# [Your instructions]
The full set of lines below has to be duplicated exactly, with no picture kept.

# [Recorded information]
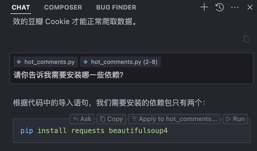 但是,我相信你不知道哪些库是需要安装的,因为有一些可能是Python标准库无需安装?那怎么知道我需要安装哪些库呢?很简单,在Cursor中问就好。你打开Cursor,然后提问:请你告诉我需要安装哪一些依赖?
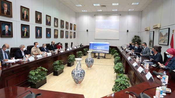 وخلال الاجتماع قدم اللواء عاطف مفتاح المشرف العام على مشروع المتحف المصري الكبير والمنطقة المحيطة، عرضا تقديميا استعرض خلاله الموقف التنفيذي لإنجاز الأعمال بموقع المشروع والعرض المتحفي وأنظمة التأمين والاتصالات ومتحف مراكب خوفو ومركز الترميم ومحطات الطاقة والمنطقة المحيطة بمشروع المتحف من حيث الطرق المحيطة والأسوار ورفع كفاءة المباني حول موقع المتحف.
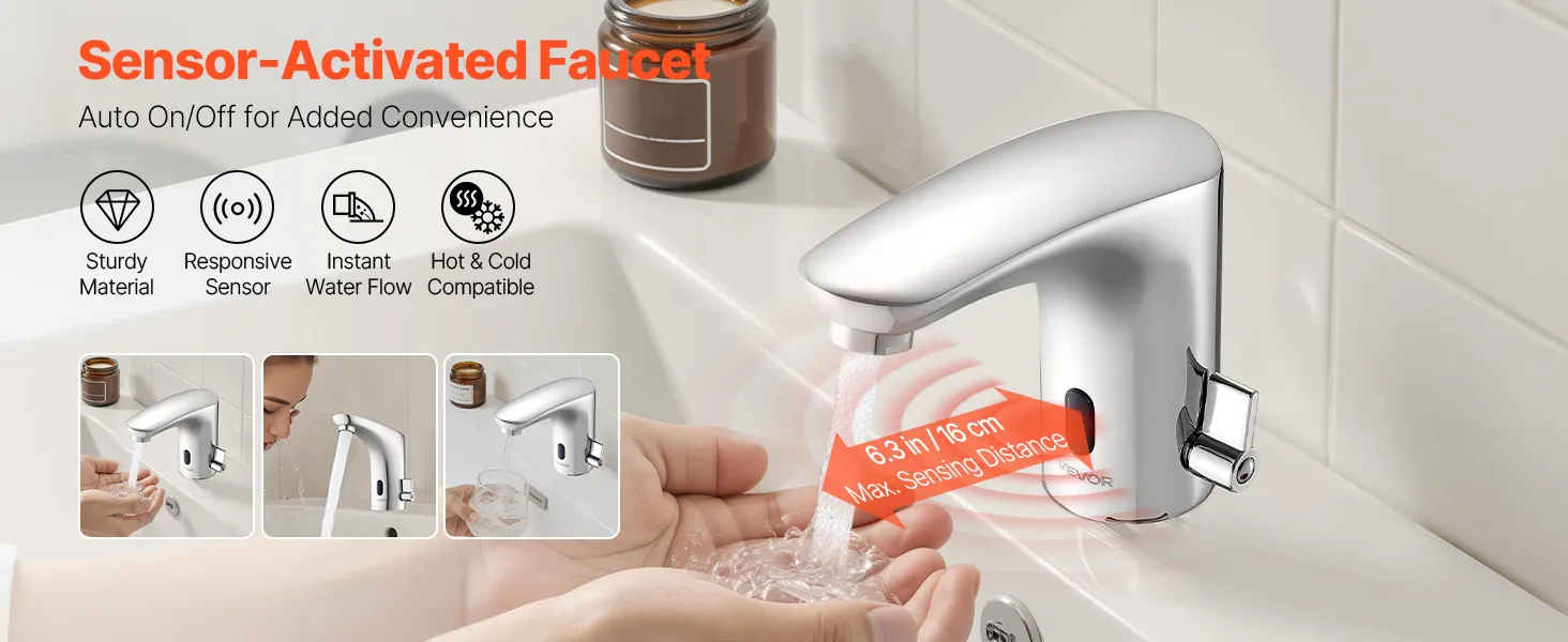 VEVOR Rubinetto per Lavabo Senza Contatto, Rubinetto Automatico con Sensore a Batteria per Bagno Miscelatore Maniglia Singola Regolabile a Mani Libere, Acqua Fredda e Calda, Argento Cromato
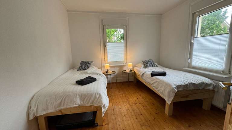 Die 90qm große 4-Zimmer-Wohnung - Apartment Friedrichstraße bietet eine geräumige und gut ausgestattete Ferienunterkunft. Die Wohnung verfügt über einen Garten, eine rund um die Uhr besetzte Rezeption und einen kostenlosen Privatparkplatz. Ein kostenloses WLAN steht den Gästen zur Verfügung. Diese Unterkunft ist privat geführt und eignet sich nicht für Junggesellen-/Junggesellinnenabschiede oder ähnliche Feierlichkeiten. Das Mindestalter für den Check-in ist 18 Jahre.

# [Result of the exercise]
 但是,我相信你不知道哪些库是需要安装的,因为有一些可能是Python标准库无需安装?那怎么知道我需要安装哪些库呢?很简单,在Cursor中问就好。你打开Cursor,然后提问:请你告诉我需要安装哪一些依赖?
 وخلال الاجتماع قدم اللواء عاطف مفتاح المشرف العام على مشروع المتحف المصري الكبير والمنطقة المحيطة، عرضا تقديميا استعرض خلاله الموقف التنفيذي لإنجاز الأعمال بموقع المشروع والعرض المتحفي وأنظمة التأمين والاتصالات ومتحف مراكب خوفو ومركز الترميم ومحطات الطاقة والمنطقة المحيطة بمشروع المتحف من حيث الطرق المحيطة والأسوار ورفع كفاءة المباني حول موقع المتحف.
 VEVOR Rubinetto per Lavabo Senza Contatto, Rubinetto Automatico con Sensore a Batteria per Bagno Miscelatore Maniglia Singola Regolabile a Mani Libere, Acqua Fredda e Calda, Argento Cromato
 Die 90qm große 4-Zimmer-Wohnung - Apartment Friedrichstraße bietet eine geräumige und gut ausgestattete Ferienunterkunft. Die Wohnung verfügt über einen Garten, eine rund um die Uhr besetzte Rezeption und einen kostenlosen Privatparkplatz. Ein kostenloses WLAN steht den Gästen zur Verfügung. Diese Unterkunft ist privat geführt und eignet sich nicht für Junggesellen-/Junggesellinnenabschiede oder ähnliche Feierlichkeiten. Das Mindestalter für den Check-in ist 18 Jahre.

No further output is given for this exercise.